Leopold dropped in upon the Leverings with a semblance of regularity. In a crowd he was smilingly silent; but as an intimate guest he came out and talked. The latest news of the biological sciences—all the new mysteries and dramatic new discoveries—he put before them simply and clearly, although he made no concessions to Gorgas’ youth. She thrilled with gratitude because he never once spoke to her in a patronizing way or seemed to consider for one moment that she could not comprehend every discussion; and her acquisitive young soul expanded.

And Ned Morris went on playing tennis with Gorgas until a place had to be set for him regularly at the Levering luncheons and dinners, and on the days of five a. m. practice games, at breakfast, too.

She was sixteen in September—September 10, 1891—and gave a “party”—one of those affairs where everything is planned seriously, as if for excited children—a cake with candles, ice cream in animal moulds, snap bonbons, and guests in semi-masquerade—but where all the so-called children smile satirically and go through the ceremonies in exaggerated earnest. It is really a farewell to childhood.

Kate wrote Blynn his invitation. “Gorgas,” she said, “insists upon celebrating her sixteenth anniversary with due ceremonies of cake and candle and partner. At her suggestion and with the approval of myself I herewith invite you to come and be my partner. Take care before accepting. I have no idea of the duties of partners. Perhaps you may have to bob for apples in tubs; or you may have to play ‘Copenhagen’ and kiss the little girls. It will be outlandish and non compos and characteristic of the Levering Liberty Hall—that you may be assured. I fancy that we old folks will look on, (Gracious! I am twenty-five. O Petruchio, why stayest thou so long in Verona!) while the children cavort.

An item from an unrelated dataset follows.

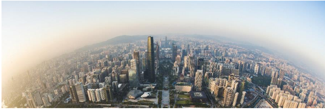
(One image of Guangzhou)
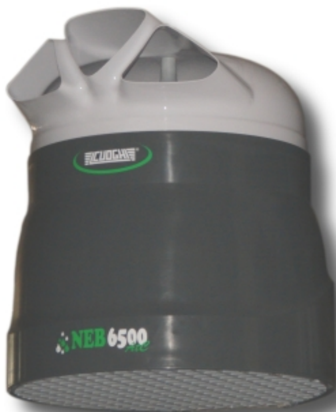
▶▶▶ HUMIDIFIER ◀◀◀

“The ladies will masquerade mildly. I shall wear my mother’s evening gown of 1861; so you must perforce keep a respectable distance.”

To the great satisfaction of everyone—they all were busy folks and had had a slight chill at the suggestion of children’s party—the guests were simply the old dinner group with the addition of Bea Wilcox. Diccon and Davis were wringing each other’s hands as Blynn entered; Leopold was gaily chatting with Gorgas in French; and Mary Weston and Betty Sommers were crowding around Ed Morris, shaking both hands at once.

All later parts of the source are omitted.